Observe Mode: Safe Configuration for Selective MITM

The Fear of the Transparent Proxy

Deploying a security gateway that relies on transparent TLS interception (MITM) carries an inherent risk. If the policy is wrong, developer workflows break immediately. When kubectl exec or a production deployment pipeline hangs because of an untested gateway rule, the natural response is to uninstall the proxy.

Iddio solves this with Observe Mode. Instead of guessing how policy behaves in production, the gateway provides a mechanism to safely intercept traffic, classify it, evaluate policy, and record what would have happened—all while guaranteeing the traffic continues to its destination.

Intercepting Without Dropping

At its core, Observe Mode alters the standard proxy pipeline. In a regular enforcement state, if a policy dictates a deny action for a specific kubectl or gcloud request, the proxy terminates the connection and returns a synthetic 403 response.

When Observe Mode is active, the request still flows through the standard classifier and policy engine, which still arrive at the deny decision. But before that decision is enacted, the observe session intervenes: the request is allowed through to the upstream server, and the original "would-be" decision is written as an observe record to the session log (observe.jsonl), alongside the lifecycle markers the audit log keeps.

This provides an exact preview of the policy impact. The developer experiences zero disruption, but the security operator sees exactly which rules fired.

Safely Capturing Context for Rule Authoring

Understanding why a rule fired requires context. Observe Mode captures up to 4 KB of the request and response bodies, along with relevant headers. This data is critical for writing specific, targeted rules—for example, knowing exactly which GraphQL mutation a CLI tool invoked.

However, capturing payload data introduces a new risk: logging sensitive credentials or PII. To mitigate this, the proxy implements an inline redaction engine.

The redactor processes every captured body through two distinct phases before it hits the disk:

1. Known Patterns: It scans for common secrets using default regex patterns (AWS access keys, GitHub PATs, Google API keys, Slack tokens, JWTs).
2. High Entropy Detection: It applies a Shannon entropy check to identify and mask strings that look suspiciously random (runs of 64 characters or more with entropy above 4.0 bits per character).

Furthermore, the proxy automatically strips sensitive headers like Authorization and Cookie, and bypasses body capture entirely for binary content types like octet-stream or application/grpc.

Expanding the Interception Radius

By default, Iddio only intercepts traffic explicitly listed in the policy's inspect list.
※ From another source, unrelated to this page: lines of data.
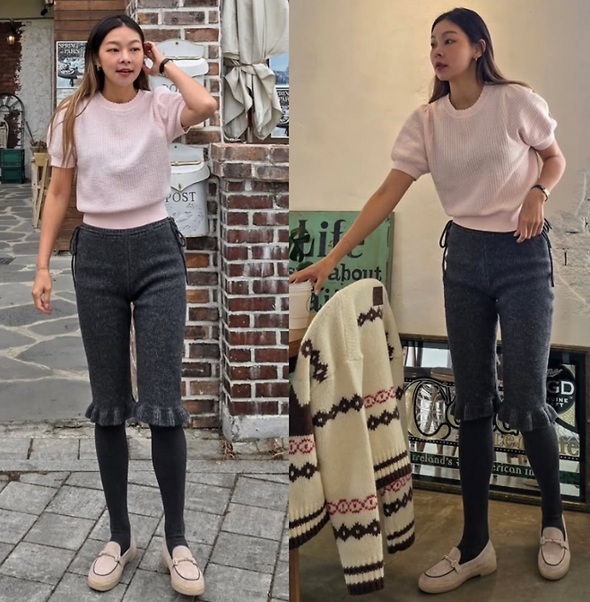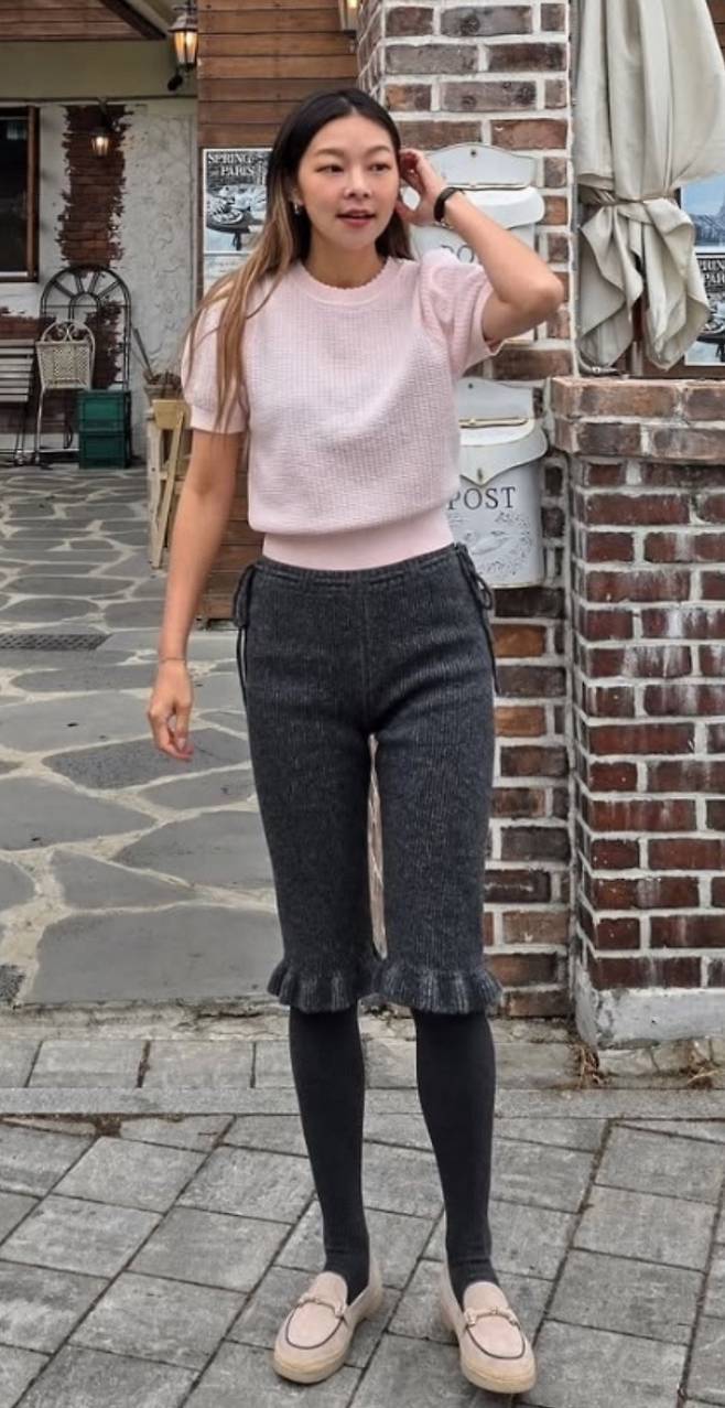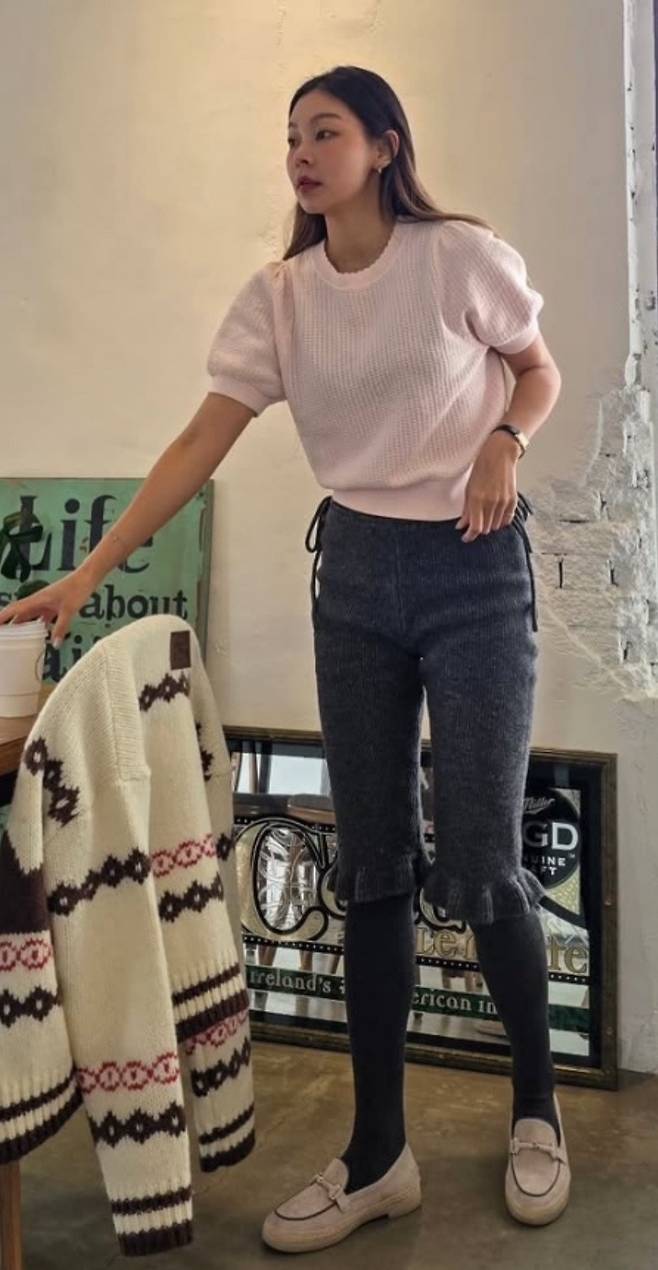 독특한 디자인의 니트 팬츠를 매치했습니다. 짙은 그레이 컬러의 니트 팬츠는 무릎 아래로 프릴 디테일이 있어 개성 있는 스타일을 완성했습니다.
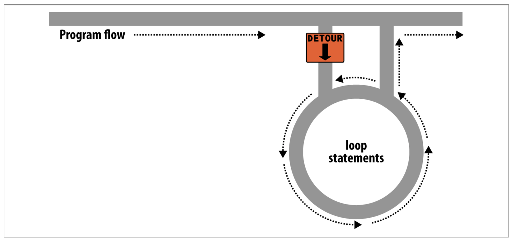Trong trường hợp của lệnh if, bạn hãy tưởng tượng rằng, bạn gặp phải một biển báo hiệu đường vòng, và bạn phải đi theo biển báo này nếu điều kiện nào đó là Đúng. Trong trường hợp này, bạn cần lái xe đi theo đường vòng này cho tới khi đi đến đường chính, rồi tiếp tục đi theo hướng bạn đầu của bạn. Ngược lại, nếu điều kiện này là Không Đúng, bạn sẽ bỏ qua biển báo đường vòng này, và cứ tiếp tục chạy theo hướng ban đầu bạn đã định. (Tham khảo hình dưới đây)
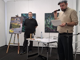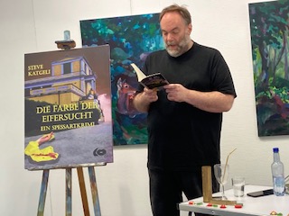 Doppellesung im Kunstraum 44 In Kelkheim: Szennen rund um die Kunst aus "Gemeinsam gegen Einsam: Haltestelle Zukunft" und Auszüge aus Stefan Katgelies Krimi aus dem Kunstmilieu " Die Farbe der Eifersucht"
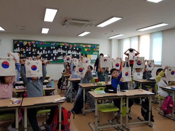 수업에 참여한 학생은 “태극기에 대해 잘 알 수 있는 기회가 되었고, 에코백에 태극기 디자인을 그려서 나만의 가방을 완성해보는 것도 재미있었다.”며, “다음 국경일에 내손으로 태극기를 꼭 달아 보고 싶다.”고 말했다.
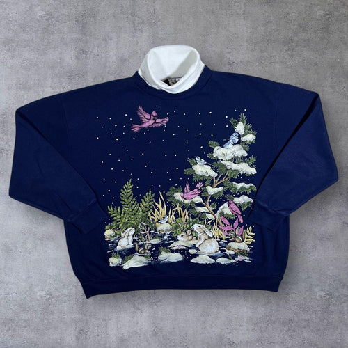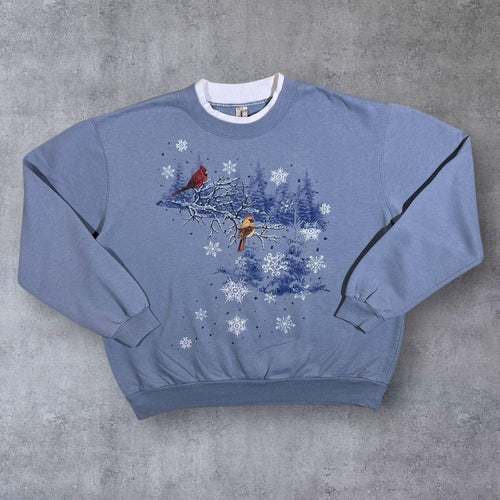 Vintage Decorated Originals Bird Snow Nature Wildlife Graphic Blue Sweatshirt
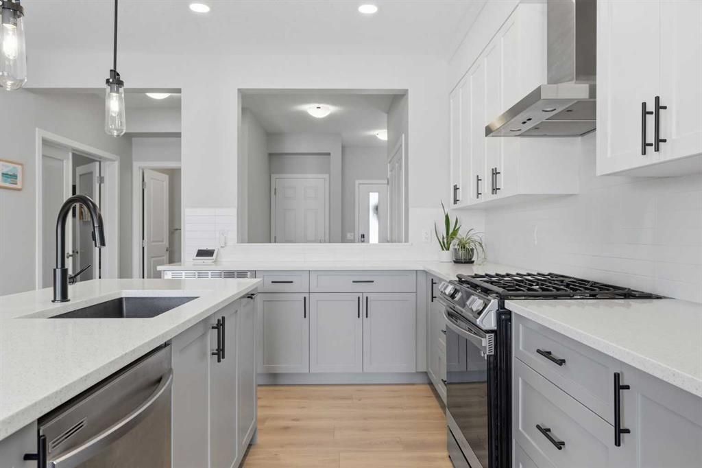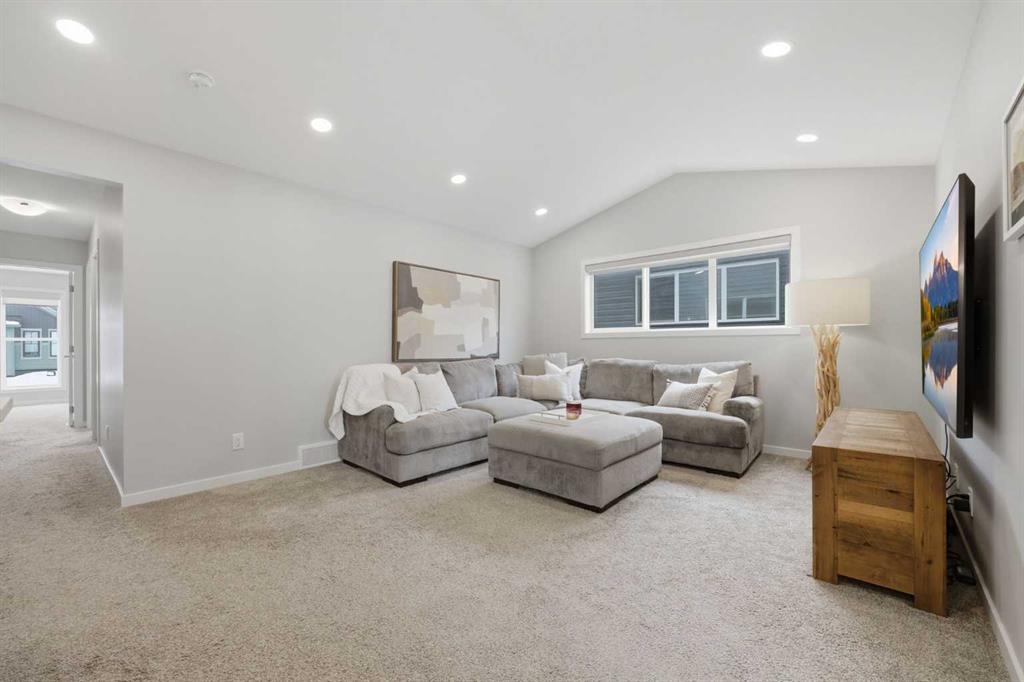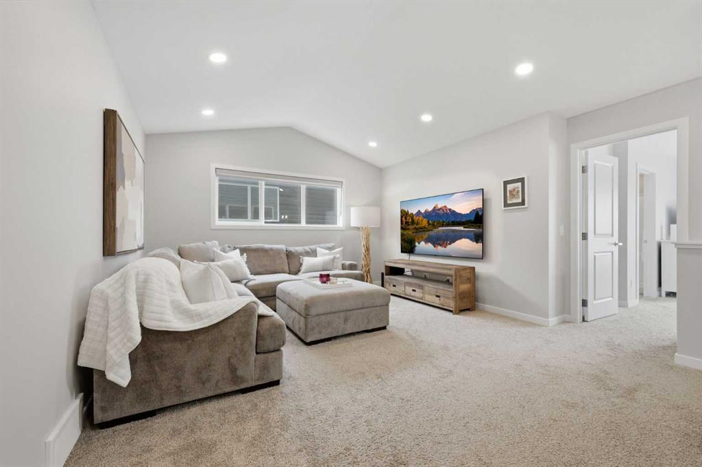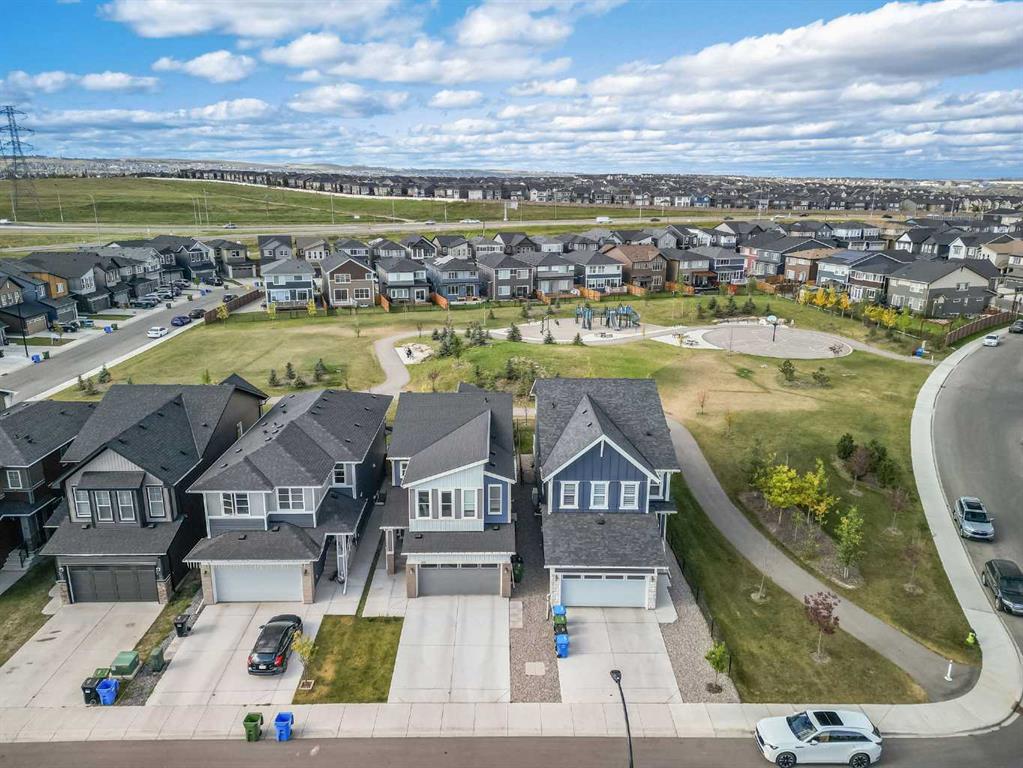 Welcome to Carrington—one of Calgary’s most exciting and thoughtfully planned communities, surrounded by 65 acres of green space, scenic ponds, playgrounds, and direct access to the incredible 138 km Rotary/Mattamy Greenway trail system. This gorgeous 4-bedroom home is perfectly positioned backing onto peaceful greenspace, offering both privacy and beautiful natural views. Inside, you’ll immediately notice the abundance of natural sunlight streaming through the large windows, creating a bright and inviting atmosphere throughout, along with the added comfort of air conditioning. The open-concept main floor is designed for both everyday living and entertaining, featuring a seamless flow between the living room, dining area, and kitchen. A versatile main floor den—easily used as a fifth bedroom—provides the perfect space for guests, a home office, or a quiet retreat, while the conveniently located half bath sits just off the mudroom for added functionality. Upstairs, a spacious bonus room thoughtfully separates the primary suite from the two secondary bedrooms—ideal for families wanting both connection and privacy. The primary bedroom is truly impressive in size and offers a spa-inspired ensuite complete with dual sinks, a large soaker tub, separate shower, private water closet, and a generous walk-in closet. This home has another year left on the build envelop warranty and another 5 year structural beyond that! Carrington continues to grow with exciting future amenities including planned school sites, expanded commercial development, and a future stop along the Green Line LRT—making this an excellent opportunity for both lifestyle and long-term value. Located just 15 minutes from CrossIron Mills, Costco, and Airdrie, you’ll enjoy convenient access to shopping, dining, and everyday essentials while still being tucked into a quiet, nature-filled community.
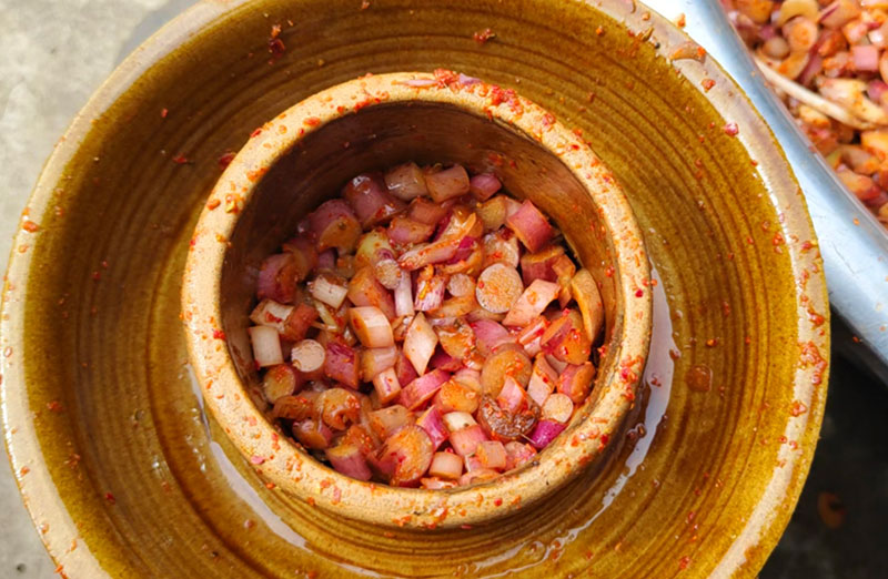 Then there's the pickled sour taro stalks—a dish made from seemingly ordinary taro stalks. Washed, chopped, and mixed with chili, Sichuan peppercorns, and sugar, the taro stalks are left to ferment in jars. The result is a tangy side dish perfect for stimulating the appetite.
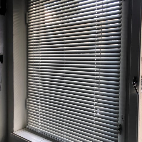 Kesällä Jyskistä ostetut alumiiniset valkoiset sälekaihtimet. Kunto kuin uusi muuten, mutta yhdessä säleessä pieni kupru, näkyy kuvassa!
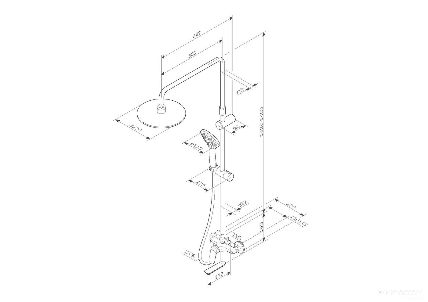 Вылет верхнего душа: 442 мм
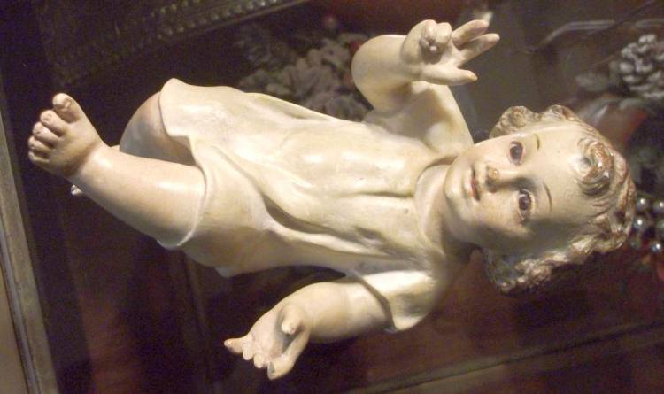 El niño Jesús es mucho más grande en proporción (creo que se adquirió así, que el original era igual pero más pequeño). Por cierto, en la Misa del Gallo de la Catedral de la Almudena de Madrid, el niño que dan a besar a los fieles me pareció igual (más grande claro)
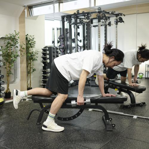 - 片手と同側のひざをベンチにつき、反対の手でダンベルを持つ
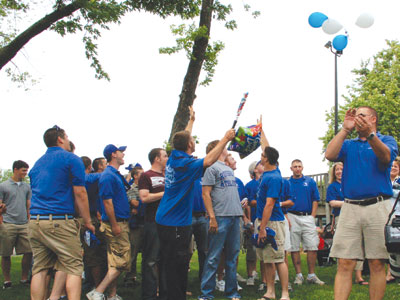Championship send-off — With Aurora University baseball coach Shaun Neitzel (right) leading a “Go Spartans” cheer, players released balloons to celebrate their departure for the NCAA Division III Baseball Championship finals. It was the school’s sixth trip to the tournament in 17 NCAA postseason appearances.

Everything else is spliced through as raw TCP, invisible to the policy engine.

To widen the radius, add a wildcard ("*") to the policy's generic.inspect list. Every host then matches the policy, so the proxy intercepts everything, classifying it and running policy as usual — with any deny overridden to allow, like every other observe decision. (Hosts known to use certificate pinning are still spliced through rather than intercepted, so nothing breaks.) This generates a pure record of what the developer's tools are doing, allowing operators to discover new endpoints that might require policy coverage. Hosts that match no inspect route remain a transparent tunnel and leave no record at all.

Guardrails for the Observer

Observe Mode is not intended to be a permanent state. Every observe session is explicitly time-boxed: the caller picks a duration up front (the default is 30 minutes), and a sweeper automatically expires the session when it elapses — transitioning the proxy back to its standard enforcement posture and writing an expiry record to the audit log.

By combining non-disruptive interception, safe payload capture, and automatic expiration, Observe Mode allows security teams to confidently tune and deploy transparent proxy rules in live developer environments.